Uit het onderzoek bleek o.a. dat de bovenarmpjes uit plompe, langwerpige stukken kraakbeen bestonden, met maar een zeer dun laagje bot. Aan het eind van de onderarm bevond zich een ’paddenstoelhoed’: het gewrichtskraakbeen was over de benige schacht van het bot naar beneden gestulpt. Deze paddenstoelhoed was ook te zien bij de schoudergewrichten. Aan de knie was te zien dat er - naast de vorming van een paddenstoelhoed – ook sprake was van ’synartrhose’, wat wil zeggen dat er geen gewrichtsspleet gevormd is, waardoor de botten op een abnormale wijze met elkaar verbonden waren. Vandaar vermoedelijk de merkwaardige stand van de achterpoten. In veel botjes ontbrak het mergbeen. In en tegen de nieren aan lagen enkele ingekapselde trematoden. De uiteindelijke conclusie van prof. Dr. Zwart was dat er inderdaad sprake was van 'osteochondrodystrofie'. Bij de mens is bekend dat dit een dominante erfelijke afwijking is. Bij honden is deze afwijking zelfs gebruikt om buldoggen te kweken.
Prof. Dr. Zwart meldde verder dat deze afwijking bij kikkers wel vaker wordt gezien en dat hij nu vier verschillende vindplaatsen met in totaal 14 gevallen kende. Daaruit maak ik op dat hij misschien niet met de gevallen uit Kampen, Hardenberg en Hollandscheveld op de hoogte is.
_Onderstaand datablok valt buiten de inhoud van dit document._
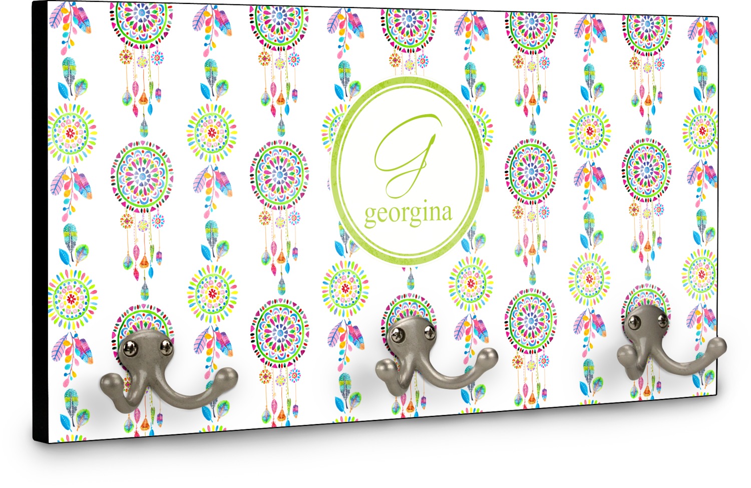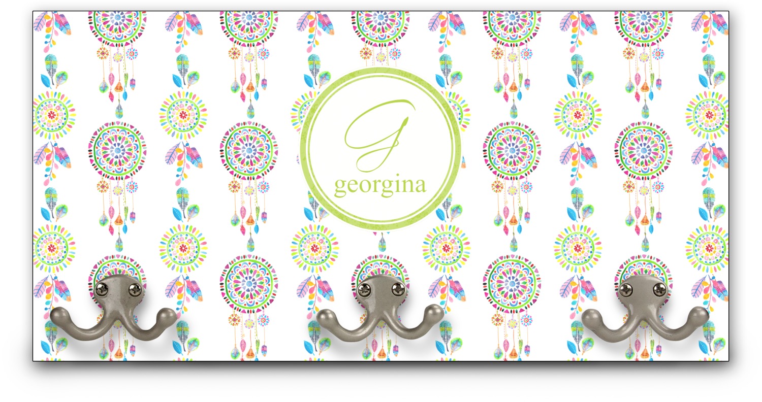 This coat rack is the perfect way to add some personality to your wall or entryway. The board is made of a strong maple that is approximately 16" x 8". The three 2-prong hooks are a sturdy metal that have three screws attaching them to the board. Your design is printed right onto the front of the board while the back and sides are a simple black.

Over de erfelijkheid valt niets te zeggen, volgens de heer Zwart. Hij denkt dat het niet van betekenis is voor de kikkerstand. In de natuur zullen deze kikkertjes doodgaan nog voor ze tot voortplanting komen.
Naschrift van de redactie
Meetnet amfibieen RAVON
Zoals Jelle reeds beschreef zijn 'softenon'-achtige vergroeiingen van de ledematen van kikkers een bekend fenomeen, waar al veel onderzoek aan is gedaan. Het meest recente onderzoek toont aan dat een groot deel van deze gevallen te verklaren is doorat de kikkervisjes geinfecteerd zijn met een trematode platworm Ribeiroia ondatrae. De larven van deze platworm dringen de kikkervisjes binnen in de omgeving van de bekkengordel. Daar vormen ze cysten die de normale ontwikkeling van de achterpoten verstoort. Doordat deze kikkertjes zich slecht kunnen voortbewegen, zullen ze snel ten prooi vallen aan vogels zoals bijvoorbeeld Reigers. In de vogel kan de platworm volwassen worden en zich voortplanten. De larven van de platworm worden via uitwerpselen van de vogel verspreid en zullen via een waterslak als tussengastheer nieuwe kikkervisjes kunnen besmetten.
Oorzaak toename
Waarom een infectie met Ribeiroia tegenwoordig vaker voorkomt dan vroeger blijft nu nog gissen en is voer voor verder onderzoek. Mogelijk dat de vermesting van het oppervlaktewater een rol speelt, waardoor algenbloei toeneemt evenals de slakkenpulatie, de andere tussengastheer. Maar het kan ook zijn dat de kikkervisjes reeds door andere oorzaken verzwakt zijn door bijvoorbeeld toxische stoffen in het milieu, waardoor ze makkelijker door de platworm geinfecteerd kunnen worden.
Of een infectie van Ribeiroia ook de botvergroeiing van de kikkertjes uit Kortezwaag kan verklaren staat niet vast. Waarschijnlijk zijn er meer oorzaken aan te wijzen voor mismaakte ledematen.